Technology and Dementia Preconference
Alzheimers Dement. 2024 Dec;20 Suppl 10:e094291. doi: 10.1002/alz.094291.
ABSTRACT
BACKGROUND: Smartphone-based assessments are a promising tool for early detection of cognitive decline in midlife. Previous research has shown such cognitive markers can be sensitive to a range of potentially modifiable dementia risk factors even in healthy adults. However, their sensitivity to genetic risk factors like APOE-e4 is likely to differ by cognitive domain, with evidence of strong negative effects on wayfinding tasks but mixed for other domains. We investigated the associations between a set of previously validated smartphone-based cognitive markers and APOE-e4.
METHOD: N = 87 cognitively unimpaired, APOE-genotyped participants (aged 44-67, 57.5% female) of the PREVENT study completed a self-administered module in the smartphone application Neureka, including gamified cognitive tasks and memory self-evaluation (completion rates: 81%-99%). Controlling for age, gender, education, and parental history of dementia, we compared APOE-e4 carriers (n = 35) with non-carriers in their performance on five cognitive measures: model-based planning, visual working memory, processing speed (∼Trails A), cognitive flexibility (∼Trails B), and subjective memory problems.

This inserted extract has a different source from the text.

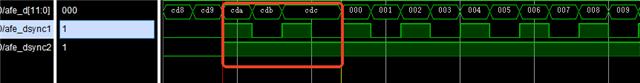 如图片中的数据,我的问题是正确的有效数据是从0开始的,而DSYNC1和DSYNC2提前数据导致前几个无效数据被接收,caa、cdb、cdc都是无效数据,在第三个DSYNC1的高电平才是有效数据

We conducted receiver operating characteristic (ROC) analysis to assess if APOE-e4 status can be predicted from norm-adjusted cognitive scores, i.e., the difference between observed cognitive performance and what we would predict for given demographics based on an additional benchmark sample (N = 3,376, aged 18-84, 65% female).
RESULT: In univariate analyses, APOE-e4 carriers did not significantly differ from non-carriers in their demographic characteristics or cognitive scores except for visual working memory, which was better in carriers (t(63.226) = 2.245; p = .028). After controlling for covariates, APOE-e4 status was not significantly linked to, which was better in APOE-e4 carriers (ß[bootstrapped 95% CI] = -0.29[-0.53,-0.06]; t = -2.30; p = .025). In ROC-analysis, norm-adjusted visual working memory scores modestly differentiated between carriers and non-carriers (AUC(SE) = .648(0.067); bootstrapped 95% CIs = 0.515-0.774).
CONCLUSION: The non-significant associations between APOE-e4 and most cognitive markers suggest limited sensitivity to genetic risk. Interestingly, APOE-e4 carriers outperformed non-carriers in visual working memory, which could be due to antagonistic pleiotropy effects, but needs to be replicated in larger samples. The current study shows limited evidence for the clinical utility of our cognitive markers as indicators of genetic risk in middle-aged cognitively unimpaired adults.